Read, execute, and understand how we make this train/test split in the cells below. What are some things that are good and bad about how we are splitting the data?

In [4]:
stadiums = get_stadiums("../data/stadiums.json")
metadata = get_matches_metadata("../data/matches_metadata.csv")

The full, inflated match records contain the players' positional data, which can become quite large if we load them all at once. To be more efficient with memory, we have a file of match metadata records, providing us basic information that we can use to split train/test data and to evaluate models, without loading the full match data.

The memory savings allow us to do this analysis from the comfort of a Jupyter notebook without needing much more computing power.

Check out an example of the metadata for one match. Note that "scored goals" can differ from the actual score. We don't consider own-goals as scored goals (only errors, which are shots from an offensive player that deflect off of defenders), since the offense did not directly produce them.
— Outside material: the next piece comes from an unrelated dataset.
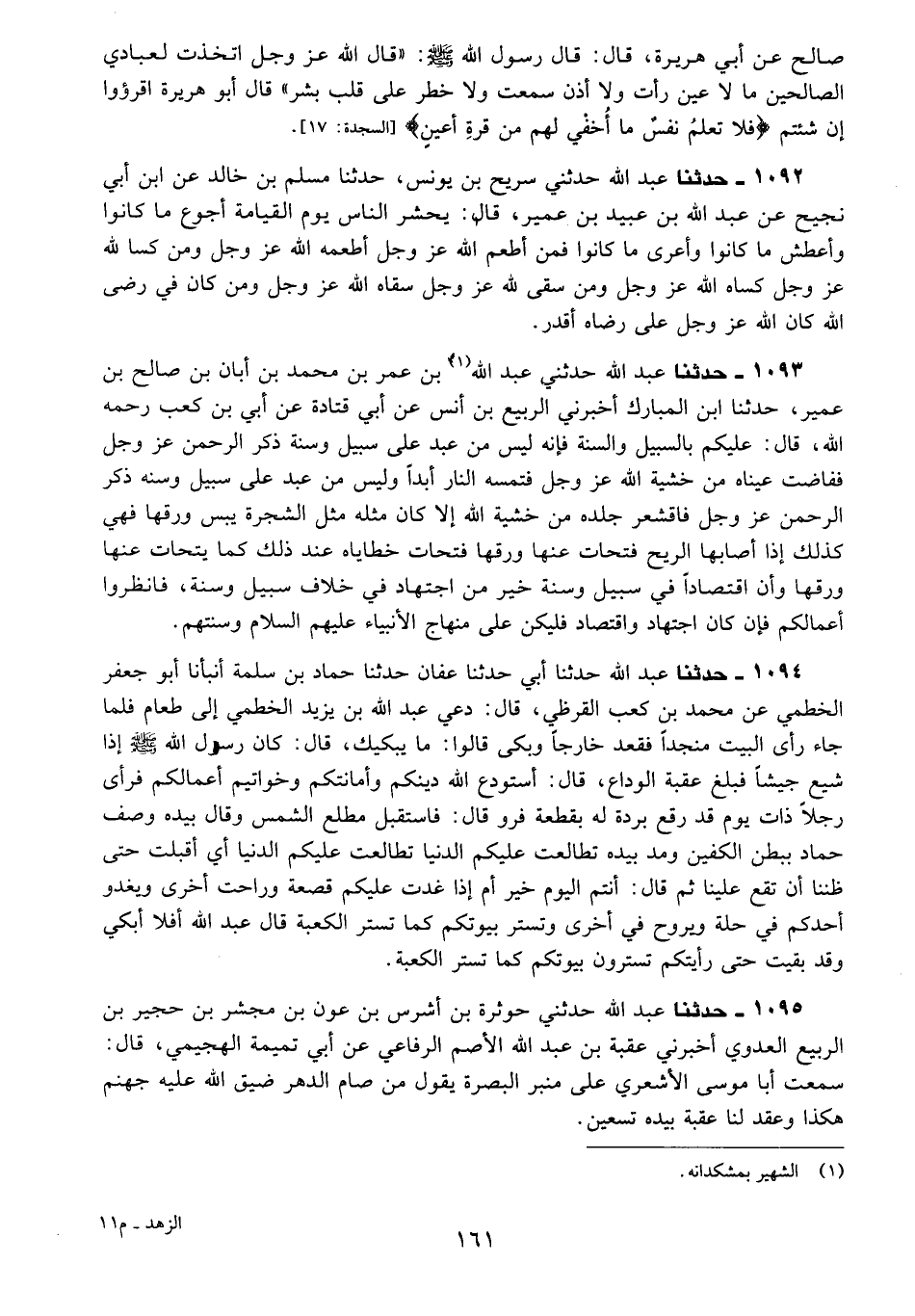 1093 - حَدَّثَنَا عَبْدُ اللَّهِ، حَدَّثَنِي عَبْدُ اللَّهِ بْنُ عُمَرَ بْنِ مُحَمَّدِ بْنِ أَبَانَ بْنِ صَالِحِ بْنِ عُمَيْرٍ، حَدَّثَنَا ابْنُ الْمُبَارَكِ، أَخْبَرَنِي الرَّبِيعُ بْنُ أَنَسٍ، عَنْ أَبِي قَتَادَةَ، عَنْ أُبَيِّ بْنِ كَعْبٍ، رَحِمَهُ اللَّهُ قَالَ: §عَلَيْكُمْ بِالسَّبِيلِ وَالسُّنَّةِ فَإِنَّهُ لَيْسَ مِنْ عَبْدٍ عَلَى سَبِيلٍ وَسُنَّةٍ، ذَكَرَ الرَّحْمَنَ عَزَّ وَجَلَّ فَفَاضَتْ عَيْنَاهُ مِنْ خَشْيَةِ اللَّهِ عَزَّ وَجَلَّ فَتَمَسَّهُ النَّارُ أَبَدًا، وَلَيْسَ مِنْ عَبْدٍ عَلَى سَبِيلٍ وَسُنَّةٍ ذَكَرَ الرَّحْمَنَ عَزَّ وَجَلَّ فَاقْشَعَرَّ جِلْدُهُ مِنْ خَشْيَةِ اللَّهِ إِلَّا كَانَ مَثَلُهُ مَثَلَ الشَّجَرَةِ يَبِسَ وَرَقُهَا فَهِيَ كَذَلِكَ، إِذَا أَصَابَهَا الرِّيحُ فَتَحَاتَّ عَنْهَا وَرَقُهَا فَتَحَاتَّ خَطَايَاهُ عِنْدَ ذَلِكَ كَمَا يَتَحَاتُّ عَنْهَا وَرَقُهَا، وَإِنَّ اقْتِصَادًا فِي سَبِيلٍ وَسُنَّةٍ خَيْرٌ مِنِ اجْتِهَادٍ فِي خِلَافِ سَبِيلٍ وَسُنَّةٍ، فَانْظُرُوا أَعْمَالَكُمْ فَإِنْ كَانَ اجْتِهَادٌ وَاقْتِصَادٌ فَلْيَكُنْ عَلَى مِنْهَاجِ الْأَنْبِيَاءِ عَلَيْهِمُ السَّلَامُ وَسُنَّتِهِمْ، "

We will build a model to predict offensive XG. But XG is also used as a defensive metric. Own goals are one reason a defense may give up more goals than XG predicts.

In [5]:
metadata[26]

{'match_id': '-MPG8aVg406bTT1daesR',
 'stadium': 'NAFL 1v1/2v2 Map v1',
 'time': 106.8,
 'kicks_red': 21,
 'kicks_blue': 30,
 'score_red': 3,
 'score_blue': 2,
 'scored_goals_red': 2,
 'scored_goals_blue': 2}

Our `haxml.utils` module has one method for split matches into train and test data. You can check the docstring of a method by calling `help()`. Let's see what this one does.

In [6]:
help(train_test_split_matches_even_count)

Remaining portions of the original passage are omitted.